**Task details**: Begin the copy at the line containing "카카오톡 디벨로퍼스에 가보면" in the data below and end it at the line containing "The layout includes", keeping each line exact and leaving out pictures.

**The records**:
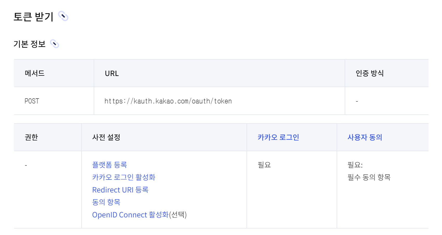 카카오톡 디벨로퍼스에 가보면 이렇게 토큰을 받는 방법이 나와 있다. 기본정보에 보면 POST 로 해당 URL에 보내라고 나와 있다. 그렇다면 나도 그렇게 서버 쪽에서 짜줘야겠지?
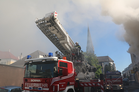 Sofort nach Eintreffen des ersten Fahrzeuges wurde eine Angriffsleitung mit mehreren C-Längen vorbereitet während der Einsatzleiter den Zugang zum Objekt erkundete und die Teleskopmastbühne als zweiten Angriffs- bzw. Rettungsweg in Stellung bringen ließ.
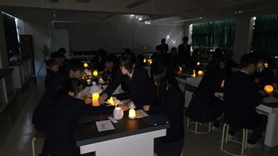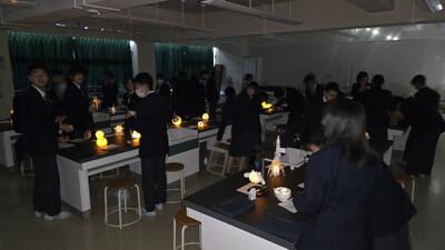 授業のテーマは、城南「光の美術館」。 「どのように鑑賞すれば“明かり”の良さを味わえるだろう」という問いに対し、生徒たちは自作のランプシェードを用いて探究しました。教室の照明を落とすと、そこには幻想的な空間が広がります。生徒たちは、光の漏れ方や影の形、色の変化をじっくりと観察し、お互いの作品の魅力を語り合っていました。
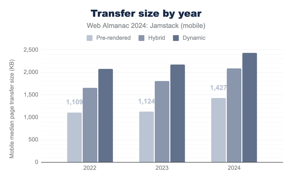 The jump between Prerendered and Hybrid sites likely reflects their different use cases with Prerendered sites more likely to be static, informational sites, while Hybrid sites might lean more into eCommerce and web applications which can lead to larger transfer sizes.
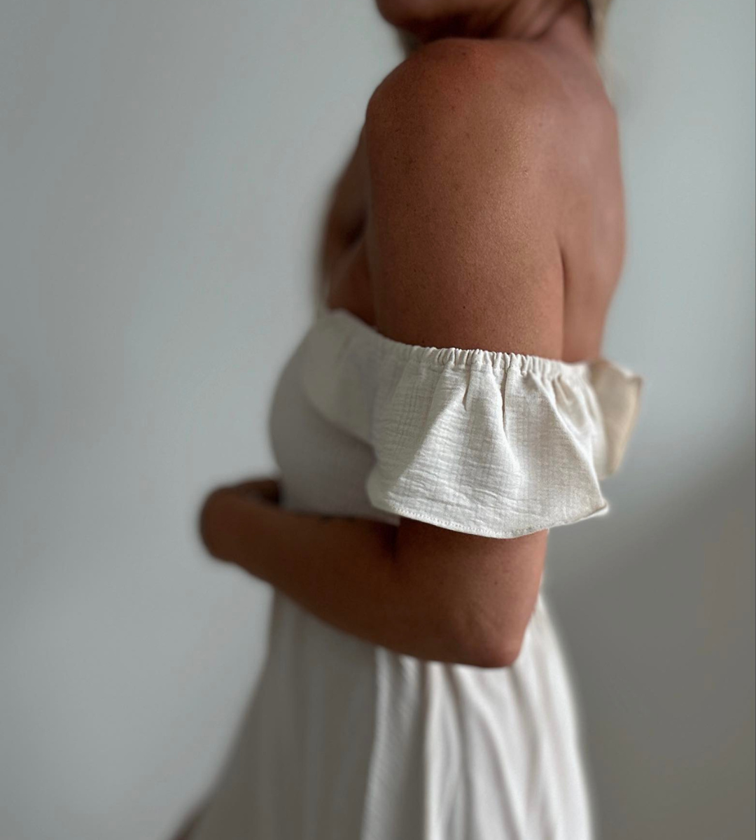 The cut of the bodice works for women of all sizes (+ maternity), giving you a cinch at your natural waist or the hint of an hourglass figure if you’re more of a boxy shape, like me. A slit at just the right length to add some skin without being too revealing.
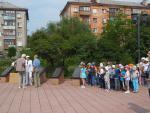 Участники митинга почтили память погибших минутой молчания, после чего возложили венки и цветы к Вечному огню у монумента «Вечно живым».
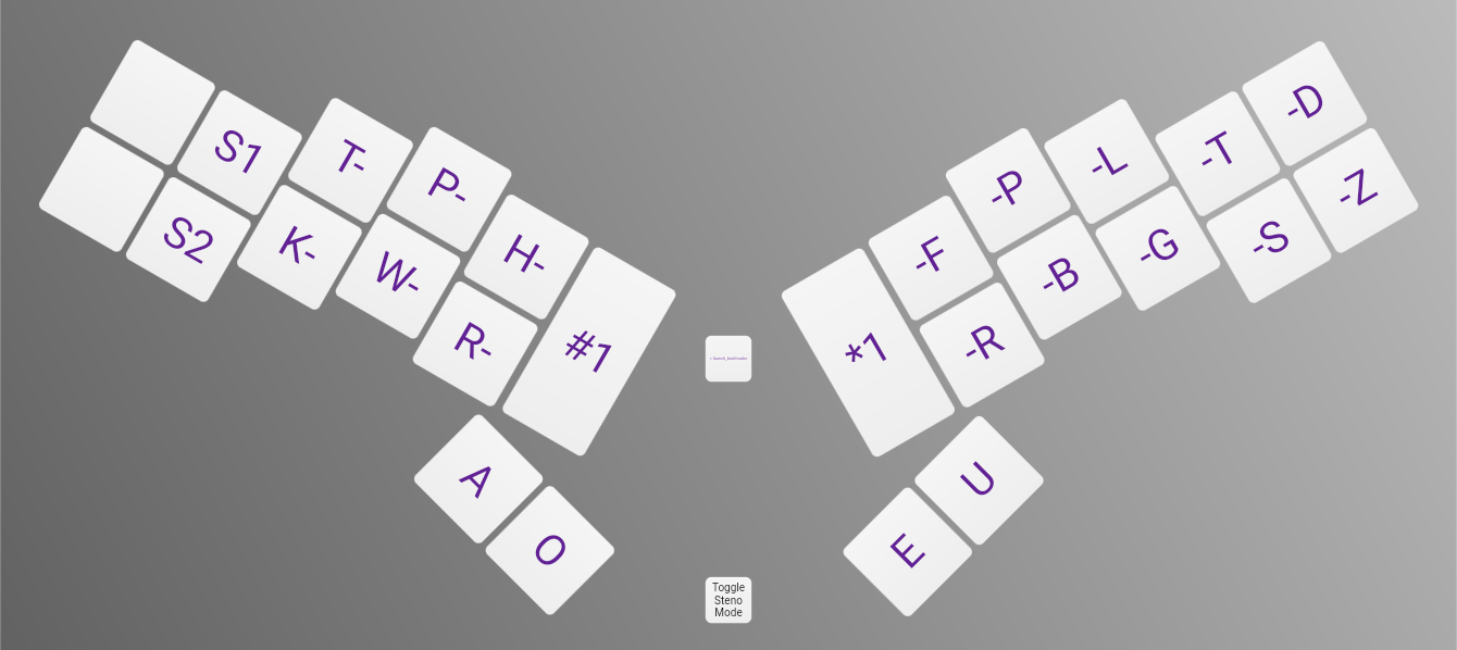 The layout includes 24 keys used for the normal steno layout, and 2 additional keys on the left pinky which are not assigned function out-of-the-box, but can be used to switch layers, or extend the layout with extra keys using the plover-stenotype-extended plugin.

---

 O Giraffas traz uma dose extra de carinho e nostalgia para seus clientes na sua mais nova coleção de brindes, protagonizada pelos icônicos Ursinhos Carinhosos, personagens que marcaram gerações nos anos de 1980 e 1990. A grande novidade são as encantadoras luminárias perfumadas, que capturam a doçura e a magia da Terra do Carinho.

...

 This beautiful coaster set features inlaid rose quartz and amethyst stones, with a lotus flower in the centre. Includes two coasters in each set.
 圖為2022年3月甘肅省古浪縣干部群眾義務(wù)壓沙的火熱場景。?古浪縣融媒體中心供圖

**Result below**:
 카카오톡 디벨로퍼스에 가보면 이렇게 토큰을 받는 방법이 나와 있다. 기본정보에 보면 POST 로 해당 URL에 보내라고 나와 있다. 그렇다면 나도 그렇게 서버 쪽에서 짜줘야겠지?
 Sofort nach Eintreffen des ersten Fahrzeuges wurde eine Angriffsleitung mit mehreren C-Längen vorbereitet während der Einsatzleiter den Zugang zum Objekt erkundete und die Teleskopmastbühne als zweiten Angriffs- bzw. Rettungsweg in Stellung bringen ließ.
 授業のテーマは、城南「光の美術館」。 「どのように鑑賞すれば“明かり”の良さを味わえるだろう」という問いに対し、生徒たちは自作のランプシェードを用いて探究しました。教室の照明を落とすと、そこには幻想的な空間が広がります。生徒たちは、光の漏れ方や影の形、色の変化をじっくりと観察し、お互いの作品の魅力を語り合っていました。
 The jump between Prerendered and Hybrid sites likely reflects their different use cases with Prerendered sites more likely to be static, informational sites, while Hybrid sites might lean more into eCommerce and web applications which can lead to larger transfer sizes.
 The cut of the bodice works for women of all sizes (+ maternity), giving you a cinch at your natural waist or the hint of an hourglass figure if you’re more of a boxy shape, like me. A slit at just the right length to add some skin without being too revealing.
 Участники митинга почтили память погибших минутой молчания, после чего возложили венки и цветы к Вечному огню у монумента «Вечно живым».
 The layout includes 24 keys used for the normal steno layout, and 2 additional keys on the left pinky which are not assigned function out-of-the-box, but can be used to switch layers, or extend the layout with extra keys using the plover-stenotype-extended plugin.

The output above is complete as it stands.